Towards a decentralized algorithm for mapping network and computational resources for distributed data-flow computations

Towards a decentralized algorithm for mapping network and computational   resources for distributed data-flow computations
Notice: This research summary and analysis were automatically generated using AI technology. For absolute accuracy, please refer to the [Original Paper Viewer] below or the Original ArXiv Source.

Several high-throughput distributed data-processing applications require multi-hop processing of streams of data. These applications include continual processing on data streams originating from a network of sensors, composing a multimedia stream through embedding several component streams originating from different locations, etc. These data-flow computing applications require multiple processing nodes interconnected according to the data-flow topology of the application, for on-stream processing of the data. Since the applications usually sustain for a long period, it is important to optimally map the component computations and communications on the nodes and links in the network, fulfilling the capacity constraints and optimizing some quality metric such as end-to-end latency. The mapping problem is unfortunately NP-complete and heuristics have been previously proposed to compute the approximate solution in a centralized way. However, because of the dynamicity of the network, it is practically impossible to aggregate the correct state of the whole network in a single node. In this paper, we present a distributed algorithm for optimal mapping of the components of the data flow applications. We propose several heuristics to minimize the message complexity of the algorithm while maintaining the quality of the solution.


💡 Research Summary

The paper addresses the problem of mapping the components of high‑throughput, multi‑hop data‑flow applications onto a distributed set of computing and network resources. Such applications—e.g., continuous sensor‑stream processing, multimedia stream composition, scientific workflows—require a series of processing nodes arranged according to the data‑flow topology, and they typically run for long periods, making an initial optimal resource allocation crucial.

The authors formalize the problem by defining a data‑flow directed acyclic graph (DAG) G_J = (V_J, E_J) and a resource graph G_R = (V_R, E_R).
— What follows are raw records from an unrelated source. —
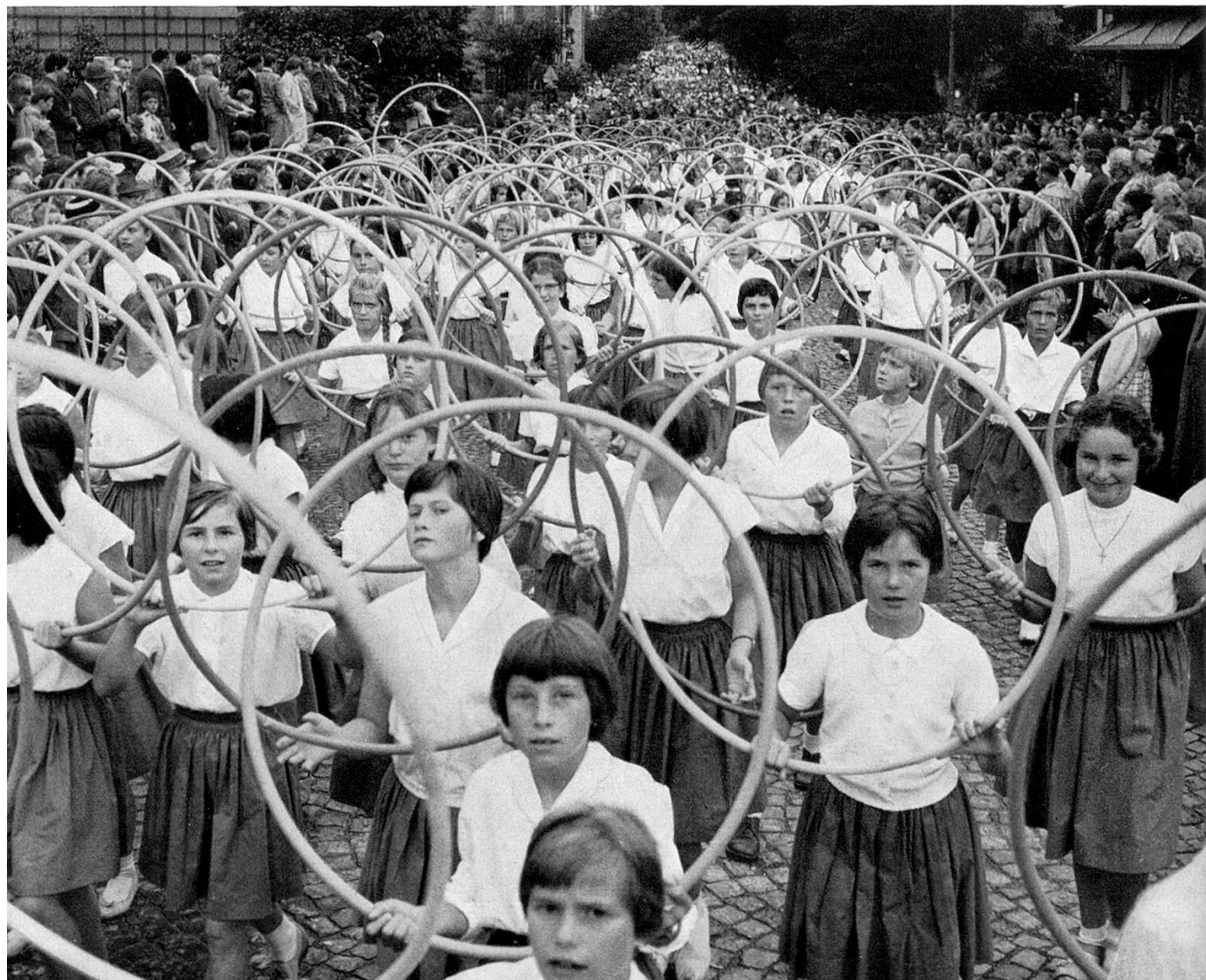
Kindergruppe mit Reifen
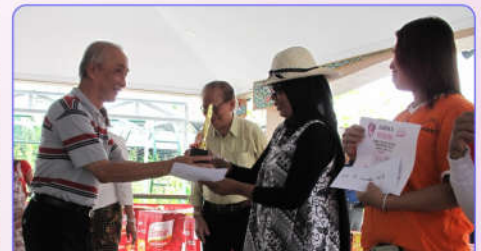
Penyerahan Hadiah Juara Lomba Memasak

Selanjutnya setelah pembangunan Taman Perwacy selesai total dengan keberadaan Auditorium Perwacy dan Joglo Perwita maka untuk menyemarakkan dan mengakrabkan dengan warga setempat digelar Lomba Memasak Ikan pada 15 Mei 2016. Lomba ini mendapat sambutan antusias warga yang
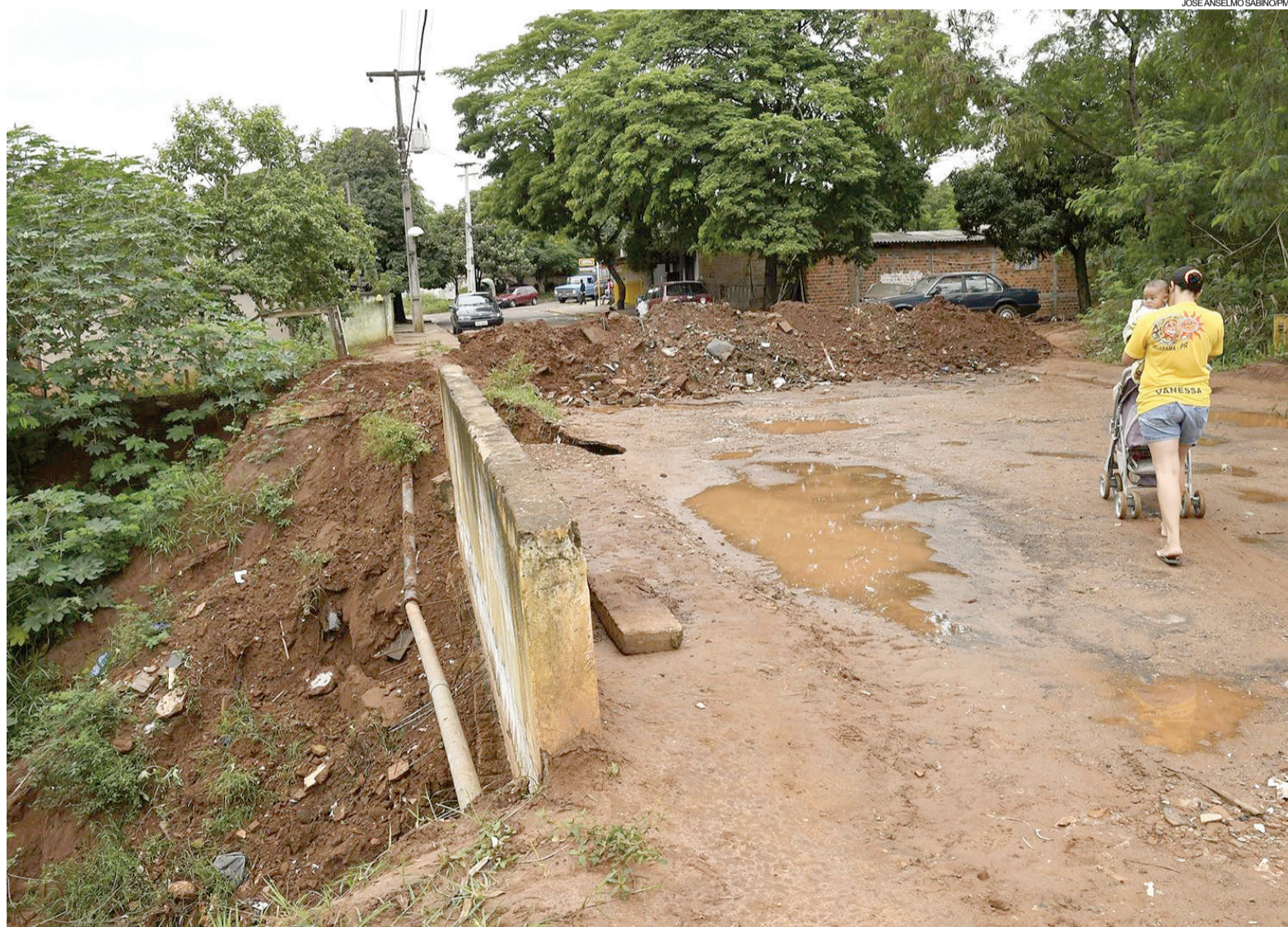
JOSE ANSELMO SABINO/PMU

Famílias que estão morando às margens do rio Pinhalzinho, no Parque Laranjeiras, terão que ser retiradas do local, para que a Prefeitura possa realizar um serviço definitivo de recuperação da ponte, danificada neste final de semana devido às fortes chuvas. O engenheiro Issamu Oshima, secretário de Obras da Prefeitura, diz que é preciso devolver o córrego ao seu leito natural.
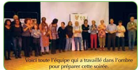
Voici toute l'équipe qui a travaillé dans l'ombre pour préparer cette soirée.

Si vous n'avez pas pu participer à cette soirée, vous pouvez manifester votre solidarité en envoyant un don à Frères des Hommes - 16 rue des Dentellières 95570 Bouffémont.
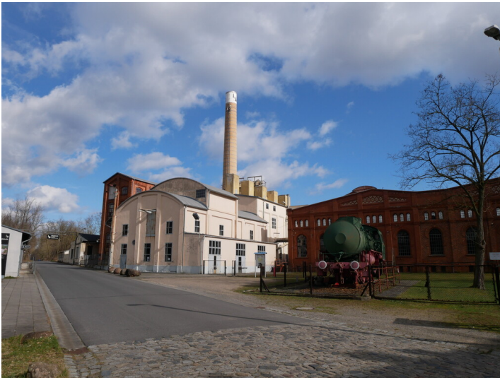
Pressenhaus I Fotograf/Urheber: Kaja Boelcke
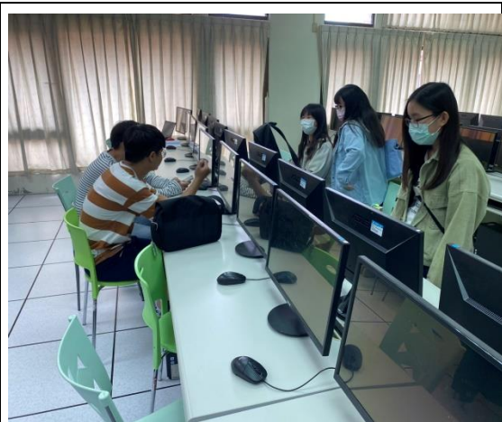
同學們各組討論的情形 3
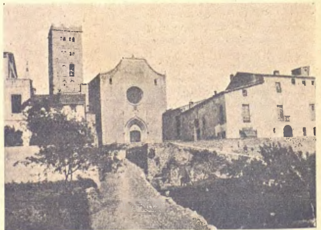
Breda. Monastir de Sant Salvador

En una de las moltas correrías que feu l' exercit francés per aquells encontorns durant
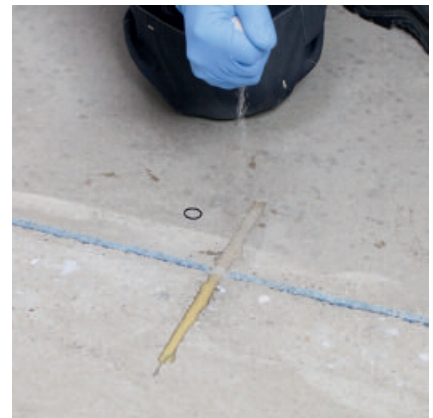
Oberfläche glatt abziehen und bei Bedarf mit Quarzand 0,3 - 0,8 mm voll deckend abstreuen.
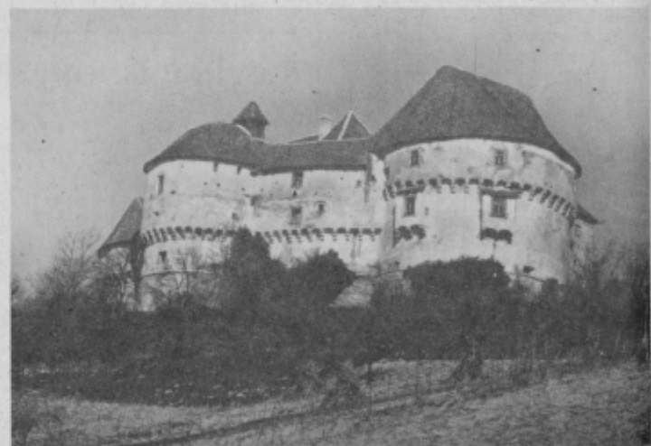
Veliki tabor iz 16. stoletja
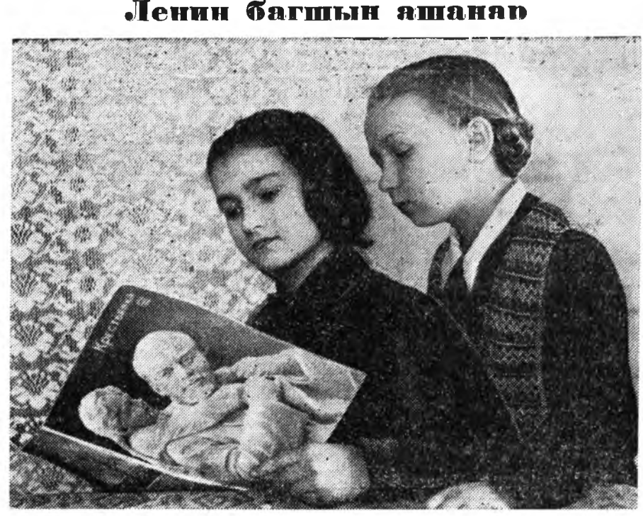
Ульянов багшамнай, заяата эсэгэмнай Уриханаар энэбхилэн, дулааханаар шэртэн, Мрамор табсаннаашье, номой хууданнаашье Маанадаа мэндэшлэжэ, илалтада уряална. Бургаал заабариень наринаар бээлүүлжэ, һаруулан ерэдүйгөө бодхоолсохын тула «Һураха, һураха, үшөө дахин һураха!»— һайхан юрөөлыень дүүргэхэбди бидэ!

Радиорелейнэ харилсаан Республика дотор Зэдн аймагай түб—Петропавловка Джида станци хоёрой хоорондо радиорелейнэ харилсаан анха түрүүшынхэ бин болгодобо. Иймэ харилсаа бин болгохын урда тээ тус хоёр хууринай хоорондо телефоноор хөөрэлдэхэ гэшээ ехэ бэрхэтэй байһан юм. Мүнөө радиорелейнэ телефонно, телеграфна линин бин болгодоод байхада, Петропавловка тосхон түмэр замай Джида станци хоёрой хоорондо наадгүйгөөр хөөрэлдэхэ харилсаан байгуулагдаба.
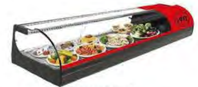
ONIX 6 ROJA PLACA FRÍA
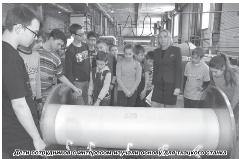
Дети сотрудников с интересом изучали основу для ткацкого станка

Тридцатого марта в компании «Чайковский текстиль» состоялся День открытых дверей. Во время школьных каникул пятьдесят детей сотрудников посетили производство чайковских тканей, а также увидели рабочие места родителей. Мероприятие прошло в рамках Всероссийской акции «Неделя без турникетов».
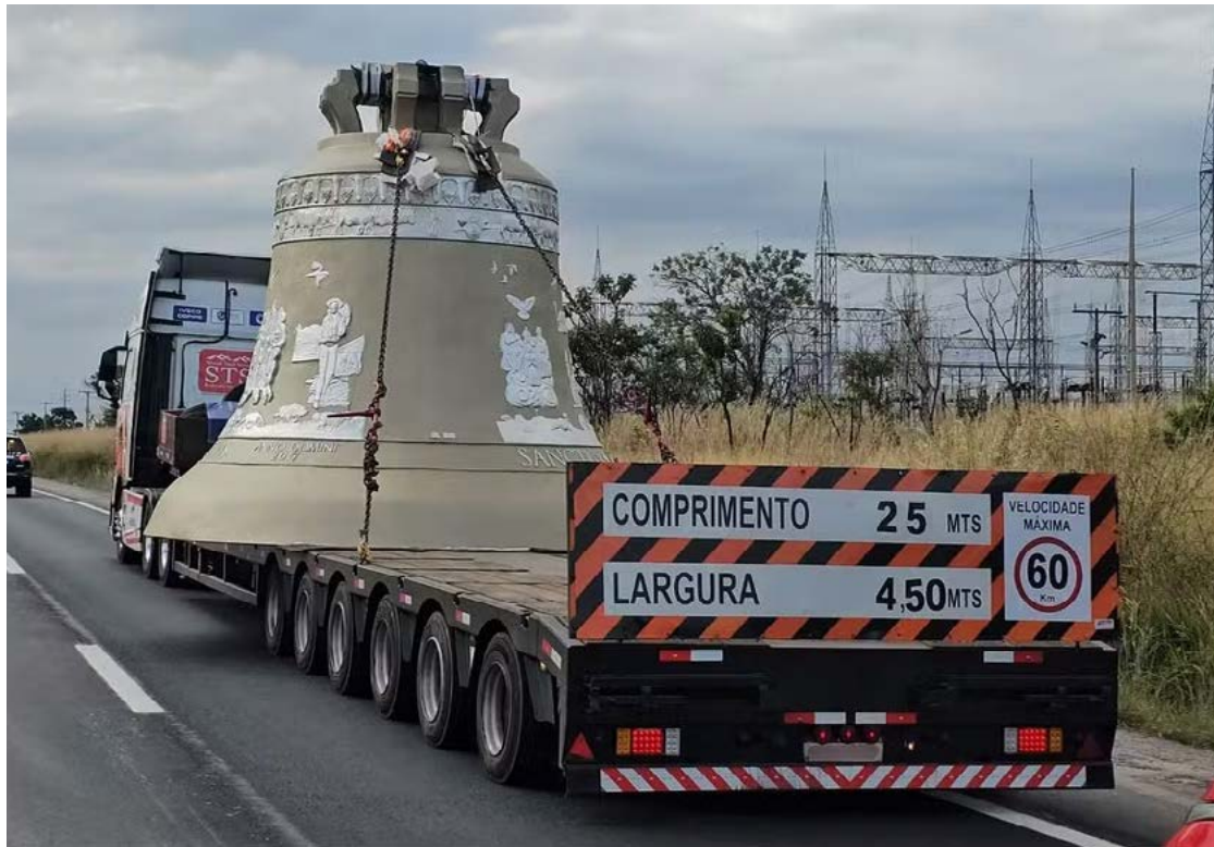
Pesando 55 toneladas, o sino está sendo transportado para a Basílica do Divino Pai Eterno, em Trindade

O maior sino do mundo, batizado como Vox Patris, que significa "A voz do Pai" em latim, chegou ontem ao território goiano
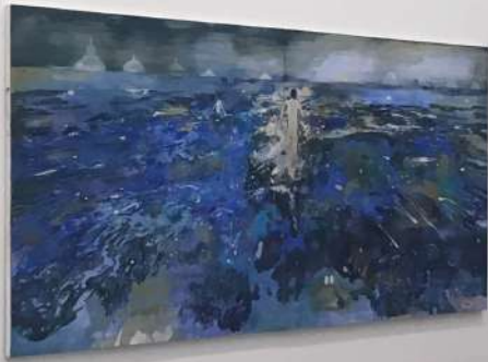
TANJA SELZER (GRÜN)
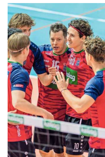
Die Löwen kämpften, verloren in Graz aber knapp

Die Wörther-See-Löwen waren nahe dran an ihrem zweiten Saisonsieg. Bei UVC Graz

Each resource node v_R has a processing capacity C_av(v_R) and each resource link e_R has a bandwidth B_av(e_R) together with additive metrics such as latency. Every data‑flow node v_J has a processing requirement C_req(v_J) and each data‑flow edge e_J a bandwidth requirement B_req(e_J). A mapping consists of a vertex mapping M: V_J → V_R (multiple data‑flow vertices may share a resource node) and an edge mapping M_e: E_J → P_R where P_R denotes all possible paths in the resource graph (including zero‑length paths). The mapping must satisfy (1) per‑node capacity constraints, (2) per‑edge bandwidth constraints (the minimum bandwidth along the chosen path must meet the requirement), and (3) an objective such as minimizing total end‑to‑end latency.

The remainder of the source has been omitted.